WHAT THE EXERCISE ASKS :: Begin with the line below holding "One of the huge" and go on through the line holding "Depending on what", duplicating each line exactly and leaving out pictures.

DATA FOR REVIEW ::

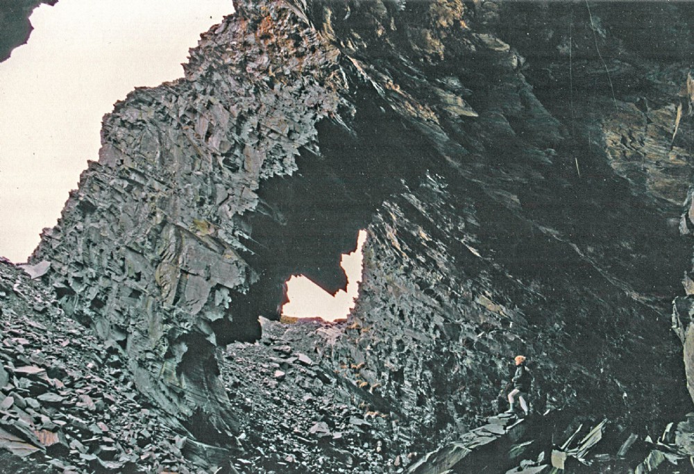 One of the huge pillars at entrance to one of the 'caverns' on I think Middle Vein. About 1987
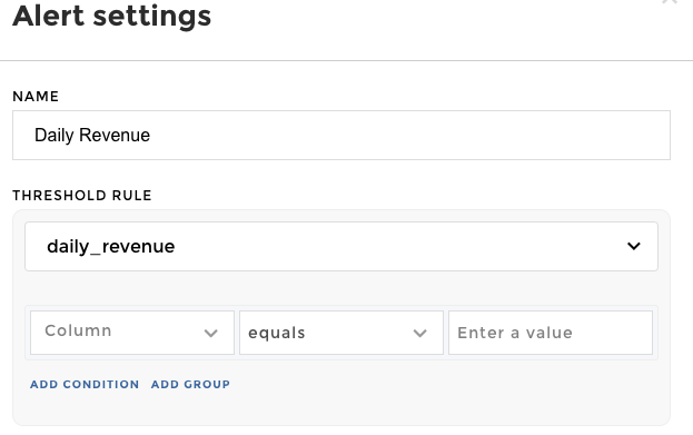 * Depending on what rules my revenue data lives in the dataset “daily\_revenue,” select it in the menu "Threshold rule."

* * *

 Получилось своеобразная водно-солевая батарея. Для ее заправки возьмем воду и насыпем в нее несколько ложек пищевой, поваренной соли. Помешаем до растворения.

RESPONSE TO THIS TASK ::
 One of the huge pillars at entrance to one of the 'caverns' on I think Middle Vein. About 1987
 * Depending on what rules my revenue data lives in the dataset “daily\_revenue,” select it in the menu "Threshold rule."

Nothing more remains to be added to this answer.